Moderate – Pathways are not particularly well defined in places. Also watch for large roots and be careful navigating a few steep hills!
- Solitude – This is a very quiet park, perfect for a walk through nature
- Exercise – The Big Field Trail lends itself well to repeated loops to really get some mileage in
What Did We Miss?
Please tell us about your favorite Rochester hike in the comments below!
You forgot Ellison Park off Blossom Rd. Not only are there trails to walk, but there’s also a large, fenced area for the dog park. Big dogs, small dogs and a mix in the middle with a big pond.

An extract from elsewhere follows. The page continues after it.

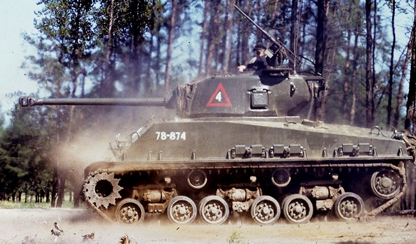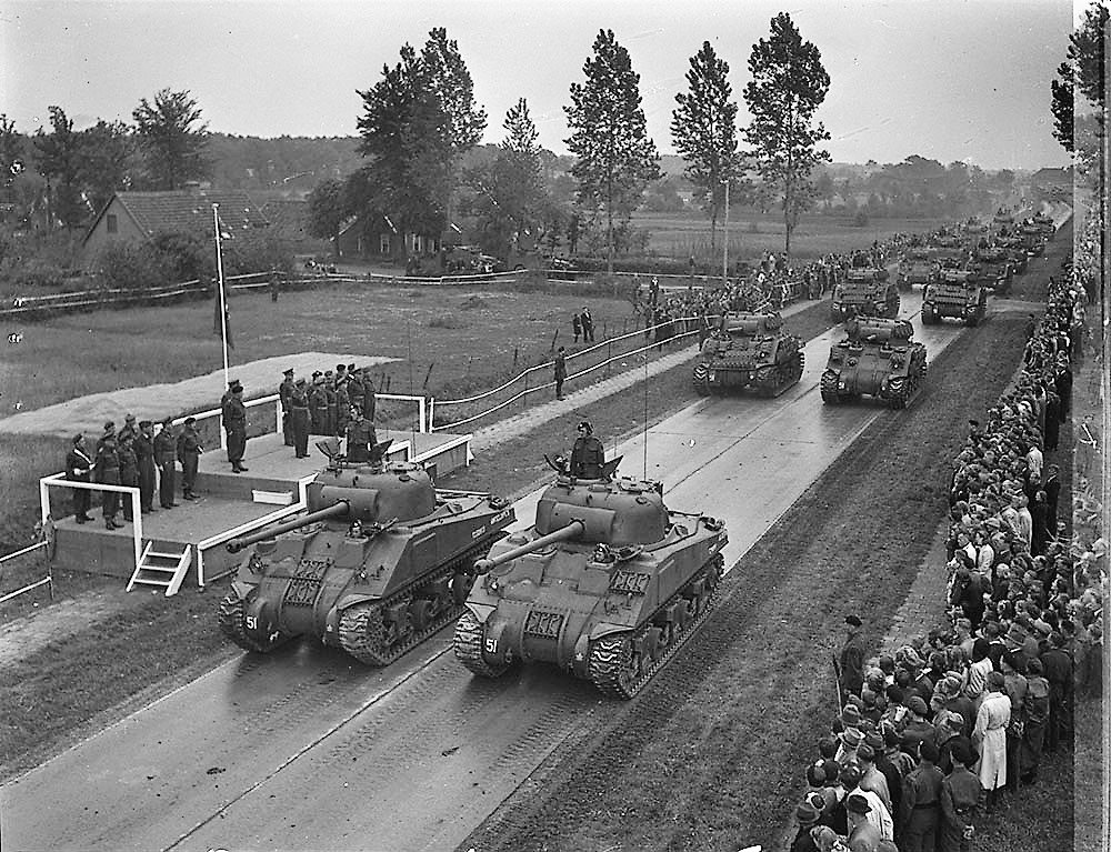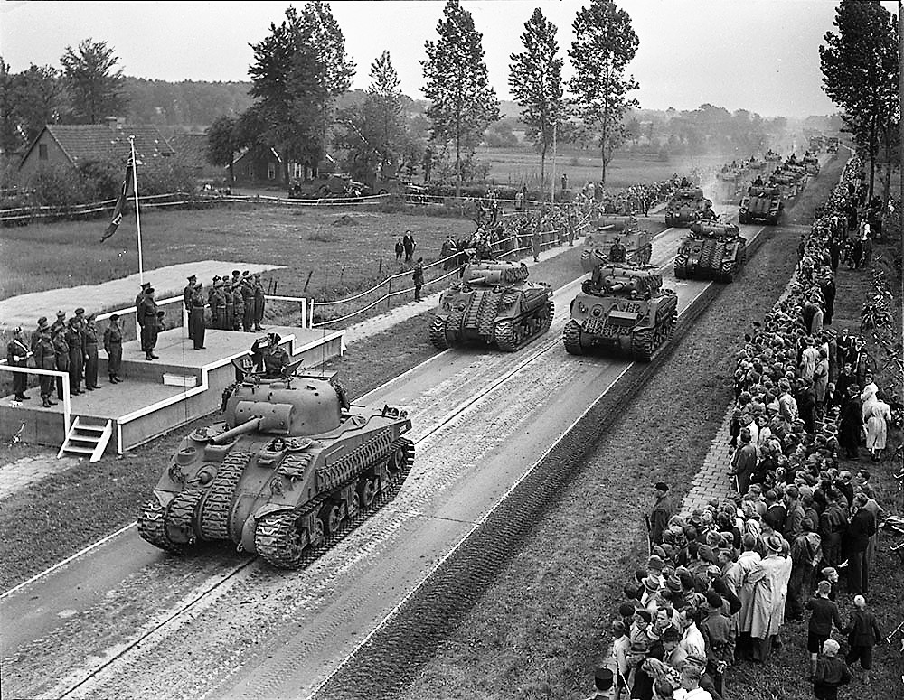 Sherman M4A2 (75-mm) tank, 5th Canadian Armoured Division, 8th Princess Louise (New Brunswick) Hussars, en route to the Zuider Zee passing through Putten, Holland, 18 April 1945.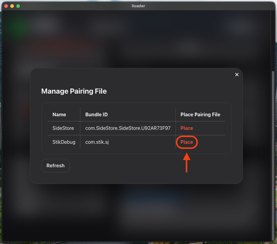 아래처럼 SideStore와 Stikdebug 두 앱이 뜹니다. Stikdebug 옆에 있는 빨간색 Place 버튼을 누르세요.

And Irondequiot Bay Park has a lot of hiking trails too. I was lucky enough to live with that park in my back yard, so my dog and I walked there almost every day.
No matter where you go in the parks in Rochester, there area TONS of TICKS, so be prepared and have your dog protected and check them from head to toe when you get home!
Wow these Hikes look wonderful! Can’t wait to get out myself this weekend.
One of my favorites is Abraham Lincoln park, the White trail. It’s moderate, about 3 miles round trip with some flat areas and some steep hills. At the very end there is a little beach on the Irondequoit Bay. Some great views if you go off the main trail up the cliffs to the left.